SOURCE DATA:

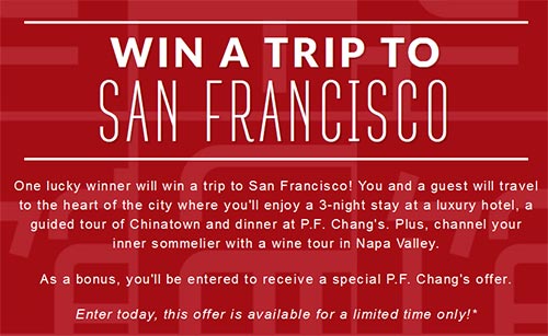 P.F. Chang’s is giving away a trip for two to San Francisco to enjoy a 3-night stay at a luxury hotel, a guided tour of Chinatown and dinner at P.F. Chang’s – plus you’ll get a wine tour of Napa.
* * *
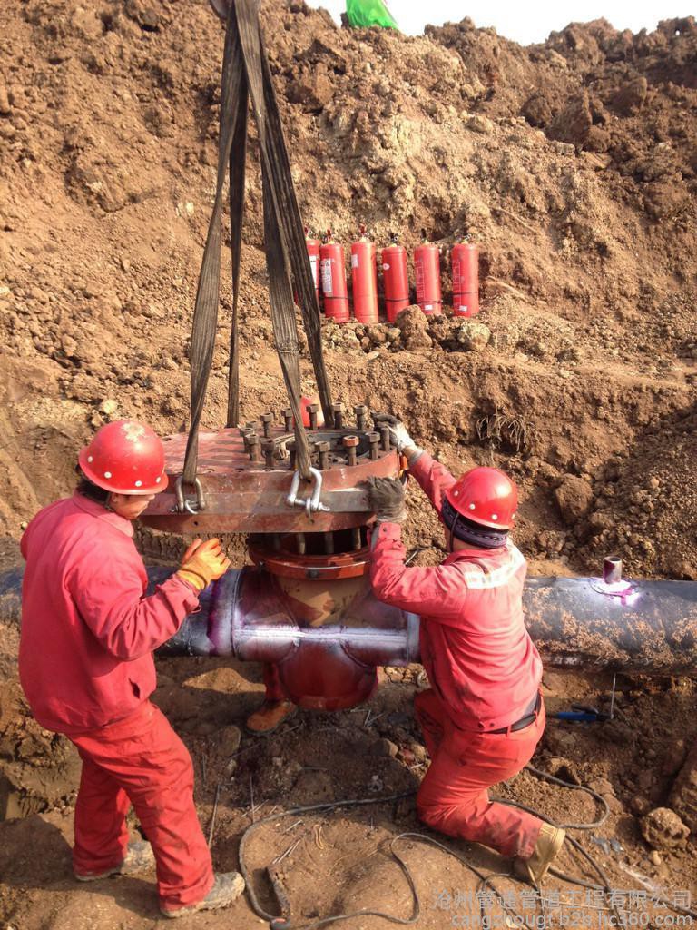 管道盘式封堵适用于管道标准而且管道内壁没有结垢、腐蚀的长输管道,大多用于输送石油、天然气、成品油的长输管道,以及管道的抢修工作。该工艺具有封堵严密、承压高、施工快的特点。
==
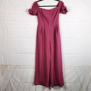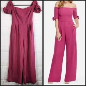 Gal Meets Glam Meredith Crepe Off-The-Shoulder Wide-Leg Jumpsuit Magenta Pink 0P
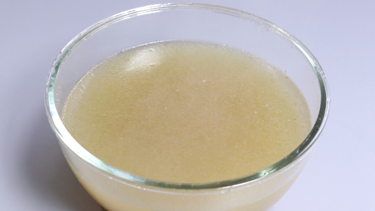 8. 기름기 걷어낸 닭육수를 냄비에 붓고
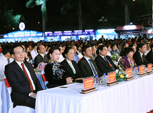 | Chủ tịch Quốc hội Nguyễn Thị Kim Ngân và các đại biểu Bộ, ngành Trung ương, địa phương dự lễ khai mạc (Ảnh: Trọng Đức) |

WHAT IS REQUIRED: Exactly reproduce the lines above, starting at the one that contains "8. 기름기 걷어낸 닭육수를 냄비에 붓고" and ending at the one that contains "Trọng Đức) |", both inclusive; leave the pictures out and add no other lines.

ANSWER BOX:
 8. 기름기 걷어낸 닭육수를 냄비에 붓고
 | Chủ tịch Quốc hội Nguyễn Thị Kim Ngân và các đại biểu Bộ, ngành Trung ương, địa phương dự lễ khai mạc (Ảnh: Trọng Đức) |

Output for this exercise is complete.